A very common task when building Web sites involves
validating user-supplied e-mail addresses. This is of particular importance to
sites which require a valid e-mail address for transactions—e-commerce sites,
Web mail sites, mailing lists and so on.
If your Web site uses PHP,
however, you’re in luck. It’s extremely easy to validate user-supplied e-mail
addresses in PHP, thanks largely to a very powerful regular
expression engine built into the language. In this article, I’ll
demonstrate how easy it is.
To begin, assume you have the following Web form, which asks
the user to enter an e-mail address. (Listing
A)
Listing A
<html>
<head></head>
<body>
<form action=”validate.php” method=”post”>
Enter e-mail address: <input type=”text” name=”e-mail”>
</body>
</html>
As the code above shows, this form is submitted to the PHP
script validate.php. Assuming the
e-mail address is an important input into the next transaction, it’s very
important to verify that it is valid before using it.
The best way to accomplish this is with a regular
expression, which checks the format of the e-mail address and ensures that it
conforms to the standard format of user@domain.ext. Here’s an example (Listing B):
Listing B
<?php
// check e-mail address
// display success or failure message
if (!preg_match(“/^([a-zA-Z0-9])+@([a-zA-Z0-9_-])+(\.[a-zA-Z0-9_-]

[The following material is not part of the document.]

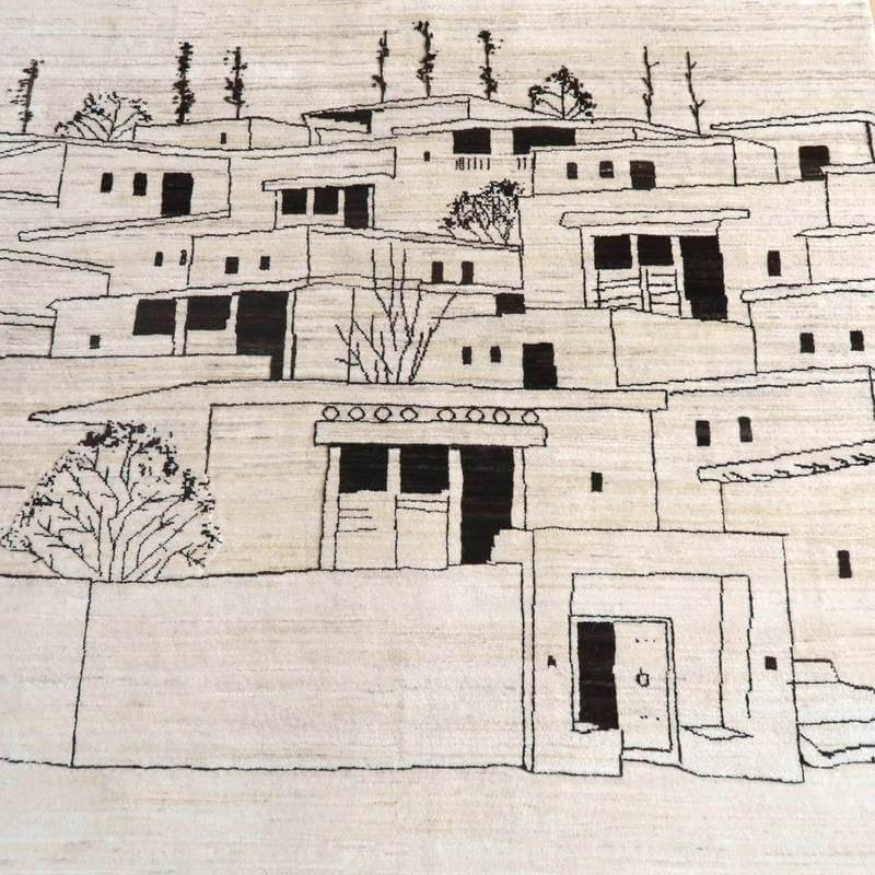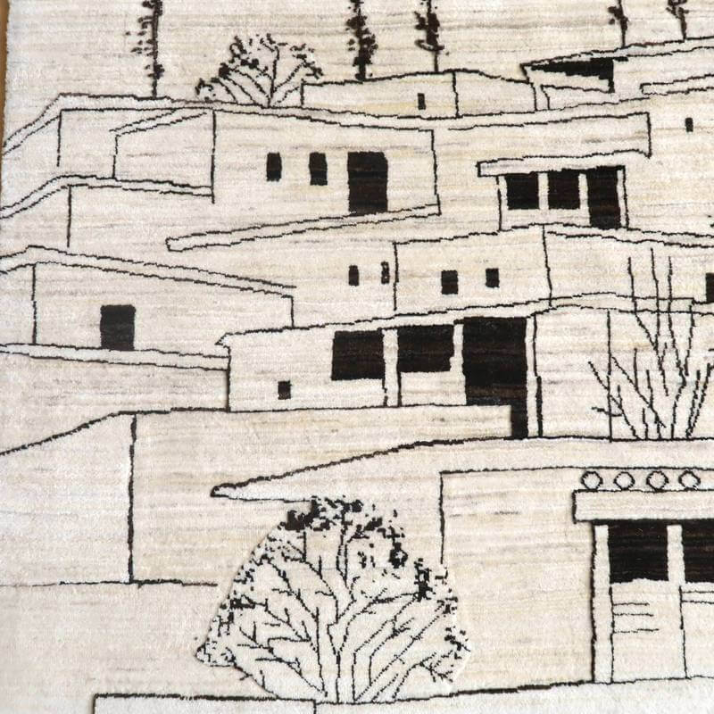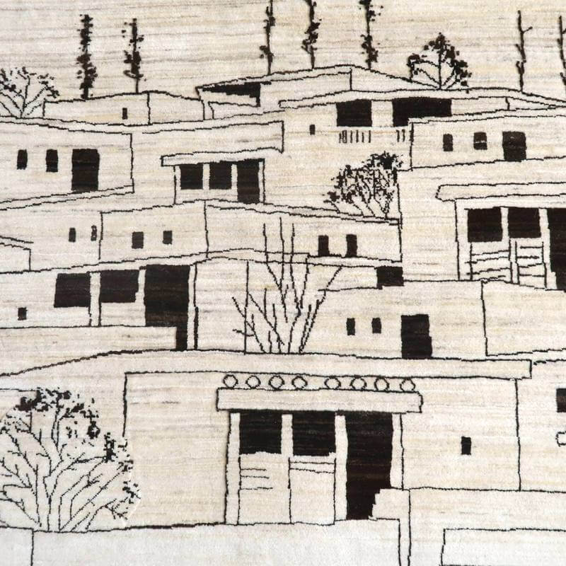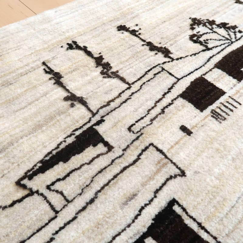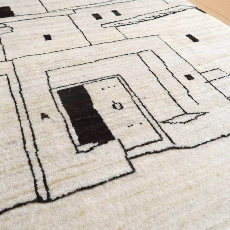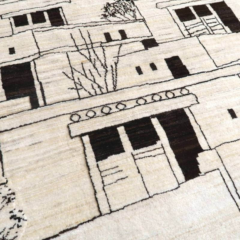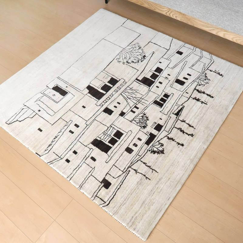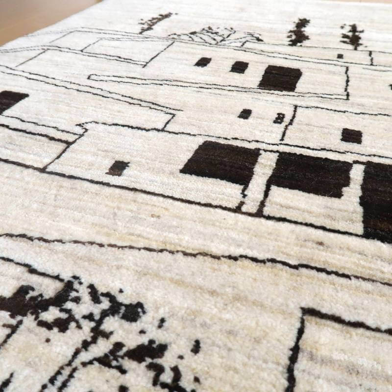 住宅が集まった町の一角をスタイリッシュに描いたモダンなデザイン。全て、刈り取った羊の毛を染めずにそのままの毛色を使用しています。ベースのアイボリーは、無染色のタイプの中では白っぽく明るい色で、そよ風のような気持ちの良いグラデーション。それをキャンバスに、シンプルなこげ茶一色でかっこ良く表現しています。デザインの要所要所には、手ばさみで凹凸の彫りをつけて、柄を際立たせる職人技も盛り込まれ、手仕事の美しさが際立つギャッベです。冬毛の柔らかな最高部位のウールのみを使用して細かく編んだ最上級のソフトな手触り。

+)+/”, $_POST[‘e-mail’])) {
die(“Invalid e-mail address”);
}
echo “Valid e-mail address, processing…”;
?>
Try it for yourself and see. The script will flag all e-mail
addresses that are not in the format user@domain.ext. This is accomplished with the regular
expression /^([a-zA-Z0-9])+@([a-zA-Z0-9_-])+(\.[a-zA-Z0-9_-]+)+/. Let’s look
at each bit of it in detail:
- The caret (^) indicates
the beginning of the string. - The expression ([a-zA-Z0-9])+ indicates the
range of allowed characters for the user part of the e-mail address. The plus (+) symbol appended to the end of
this range indicates that at least one character from this range is mandatory. - The @ symbol is
exactly what it looks like—the literal @ symbol used
in an e-mail address - The expression ([a-zA-Z0-9_-])+(\.[a-zA-Z0-9_-]+)+ represents
the domain.ext
part of the e-mail address. Notice that the first range does not include a
period (.), while the second one does. This is to ensure that the
domain part of the address contains at least one character. Again, the plus(+) symbols scattered throughout
the pattern indicate that at least one valid character is required.

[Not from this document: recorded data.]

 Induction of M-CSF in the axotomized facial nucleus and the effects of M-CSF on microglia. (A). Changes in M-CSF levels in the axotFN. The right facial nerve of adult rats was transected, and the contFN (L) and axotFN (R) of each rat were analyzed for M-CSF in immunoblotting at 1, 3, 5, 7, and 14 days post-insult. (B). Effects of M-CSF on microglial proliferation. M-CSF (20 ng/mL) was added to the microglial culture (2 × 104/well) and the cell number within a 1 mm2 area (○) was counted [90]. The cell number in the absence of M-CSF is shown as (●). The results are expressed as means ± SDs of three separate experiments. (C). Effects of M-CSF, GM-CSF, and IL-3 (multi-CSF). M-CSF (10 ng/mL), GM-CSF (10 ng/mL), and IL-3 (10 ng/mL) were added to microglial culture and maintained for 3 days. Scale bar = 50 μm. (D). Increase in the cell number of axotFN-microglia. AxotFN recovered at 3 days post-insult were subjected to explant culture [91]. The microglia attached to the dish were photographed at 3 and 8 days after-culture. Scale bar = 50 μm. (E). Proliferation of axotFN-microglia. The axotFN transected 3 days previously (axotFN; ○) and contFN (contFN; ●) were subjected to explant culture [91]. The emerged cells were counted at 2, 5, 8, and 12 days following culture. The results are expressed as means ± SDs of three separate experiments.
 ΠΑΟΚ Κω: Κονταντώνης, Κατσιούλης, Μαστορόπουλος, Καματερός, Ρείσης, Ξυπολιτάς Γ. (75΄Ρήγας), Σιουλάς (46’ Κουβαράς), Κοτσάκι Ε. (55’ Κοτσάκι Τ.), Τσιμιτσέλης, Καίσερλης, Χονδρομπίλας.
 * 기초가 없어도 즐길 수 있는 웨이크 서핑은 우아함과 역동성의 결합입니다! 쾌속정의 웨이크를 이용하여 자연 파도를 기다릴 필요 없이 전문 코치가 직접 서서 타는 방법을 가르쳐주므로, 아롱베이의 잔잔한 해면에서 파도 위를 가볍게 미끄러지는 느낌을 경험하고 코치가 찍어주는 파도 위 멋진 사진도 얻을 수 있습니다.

Of course, this expression isn’t perfect—it will fail on
addresses in the format first.last@domain.ext,
and pass invalid domain extensions. You can tighten up the regular expression a
little, by allowing periods in the username part and restricting the length of
the domain extension. Here’s an example (Listing
C):
Listing C
<?php
// check e-mail address
// display success or failure message
if (!preg_match(“/^([a-zA-Z0-9])+([\.a-zA-Z0-9_-])*@([a-zA-Z0-9_-
])+(\.[a-zA-Z0-9_-]+)*\.([a-zA-Z]{2,6})$/”, $_POST[‘e-mail’])) {
die(“Invalid e-mail address”);
}
echo “Valid e-mail address, processing…”;
?>
Some of the interesting enhancements here are:
-
The username part of the e-mail address now has two ranges,
one containing alphabetic, numeric and dash characters and the other also
supporting periods (.). This allows
usernames of the form first.last@domain.ext. -
The extension part of the e-mail address, ([a-zA-Z]{2,6}),
now has
a size specifier enclosed in curly braces. This forces the extension to be
between 2 and 6 characters long. All currently valid domain extensions fall
within this range.
Caution: Obviously,
this restriction, while reducing the incidence of too-long or too-short domain
extensions, doesn’t solve the problem entirely; users can still input invalid
extensions between 2-6 characters long. This can be rectified by replacing the
final part of the expression with a rigid list of valid domains (it hasn’t been
done here because it significantly increases the length and processing
efficiency of the expression). -
The dollar ($) symbol is
the end-of-string delimiter.
These are just two examples of regular expressions you can
use to validate e-mail addresses. Many more variants exist, each with its own
advantages and drawbacks. Remember that, given efficiency constraints, no
pattern is completely foolproof, and so you should choose a pattern that has an
appropriate combination of rigidity and performance for your needs. Happy
coding!